The three dominant brain systems in addiction—the opioid attachment-reward system, the dopamine-based incentive-motivation apparatus and the self-regulation areas of the prefrontal cortex—are all exquisitely fine-tuned by the environment. To various degrees, in all addicted persons these systems are out of kilter. The same is true, we will see, of the fourth brain-body system implicated in addiction: the stress-response mechanism.
Happy, attuned emotional interactions with parents stimulate a release of natural opioids in an infant’s brain. This endorphin surge promotes the attachment relationship and the further development of the child’s opioid and dopamine circuitry. 1On the other hand, stress reduces the numbers of both opiate and dopamine receptors. Healthy growth of these crucial systems—responsible for such essential drives as love, connection, pain relief, pleasure, incentive and motivation—depends, therefore, on the quality of the attachment relationship.
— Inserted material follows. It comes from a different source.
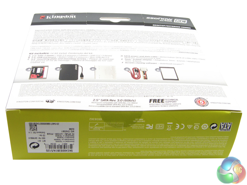 The SSDNow KC400 is available as a bare drive or as part of a full-blown upgrade kit, which is what we were sent for review. The upgrade kit comes in a rather large box with an image of the drive and a clear label of the drive's capacity.

When circumstances do not allow the infant and young child to experience consistently secure interactions or, worse, expose him to many painfully stressing ones, maldevelopment often results.
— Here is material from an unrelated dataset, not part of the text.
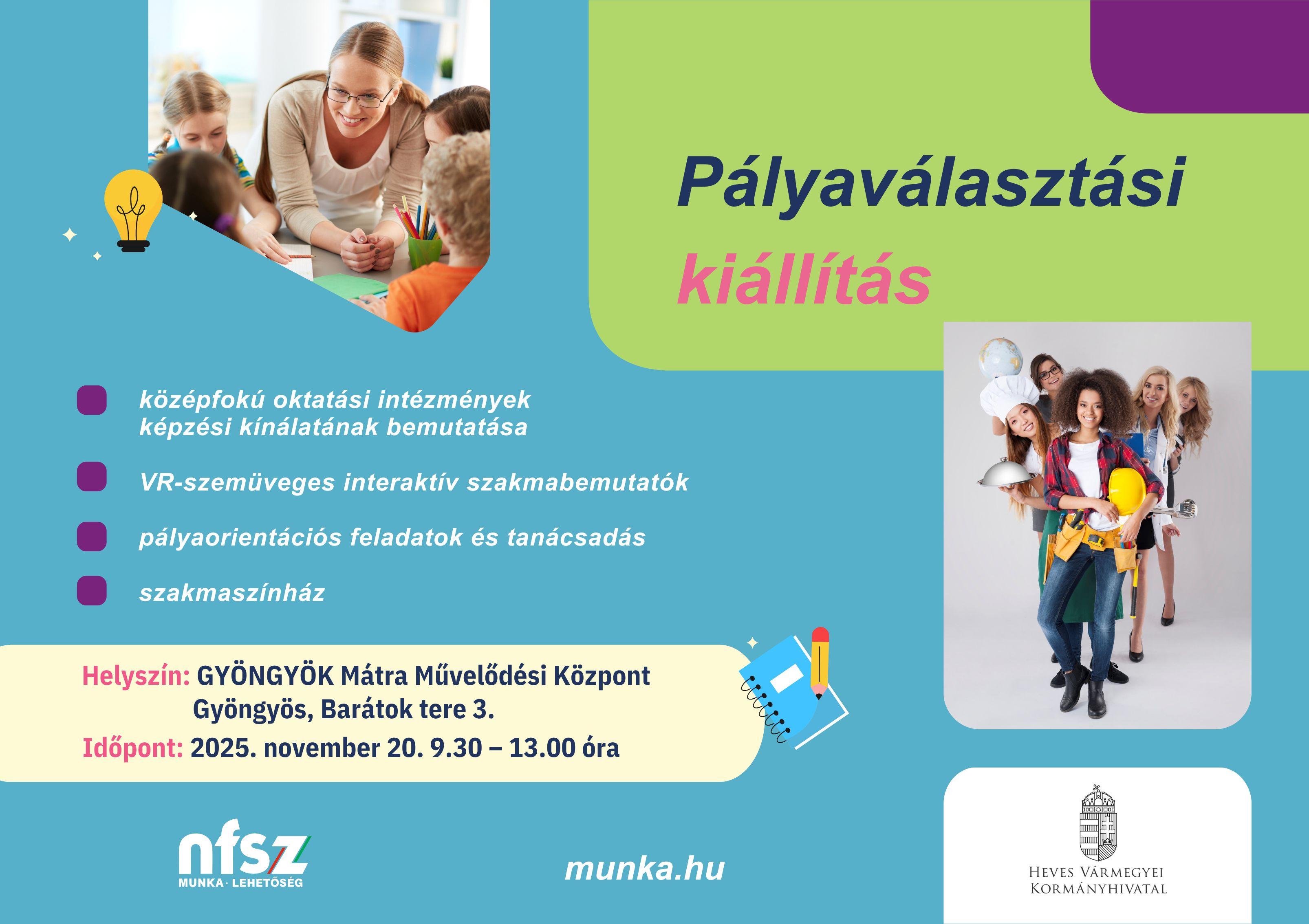 November 20-án, csütörtökön pályaválasztási kiállítást szervezünk Gyöngyösön, a GYÖNGYÖK Mátra Művelődési Központban. A rendezvényre az iskolaválasztás előtt álló 7. és 8. osztályos tanulókat várjuk a vármegye középfokú oktatási intézményeinek képzési kínálatával, látványos szakmabemutatókkal és pályaorientációs tanácsadással. Tizenöt középiskola mutatja be képzési kínálatát az eseményen.

Dopamine levels in a baby’s brain fluctuate, depending on the presence or absence of the parent. In four-month-old monkeys major alterations of dopamine and other neurotransmitter systems were found after only six days of separation from their mothers. “In these experiments,” writes Dr. Steven Dubovsky, “loss of an important attachment appears to lead to less of an important neurotransmitter in the brain. Once these circuits stop functioning normally, it becomes more and more difficult to activate the mind.” 2
We know from animal studies that social-emotional stimulation is necessary for the growth of the nerve endings that release dopamine and for the growth of receptors to which dopamine needs to bind in order to do its work. Even adult rats and mice kept in long-term isolation will have a reduced number of dopamine receptors in the midbrain incentive circuits and, notably, in the frontal areas implicated in addiction. 3Rats separated from their mothers at an early stage display permanent disruption of the dopamine incentive-motivation system in their midbrains. As we already know, abnormalities in this system play a key role in the onset of addiction and craving. Predictably, in adulthood these maternally deprived animals exhibit a greater propensity to self-administer cocaine. 4And it doesn’t take extreme deprivation: in another study, rat pups deprived of their mother’s presence for only one hour a day during their first week of life grew up to be much more eager than their peers to take cocaine on their own. 5So the presence of consistent parental contact in infancy is one factor in the normal development of the brain’s neurotransmitter systems; the absence of it makes the child more vulnerable to “needing” drugs of abuse later on to supplement what her own brain is lacking. Another key factor is the quality of the contact the parent provides, and this, as we saw in the previous chapter, depends very much on the parent’s mood and stress level.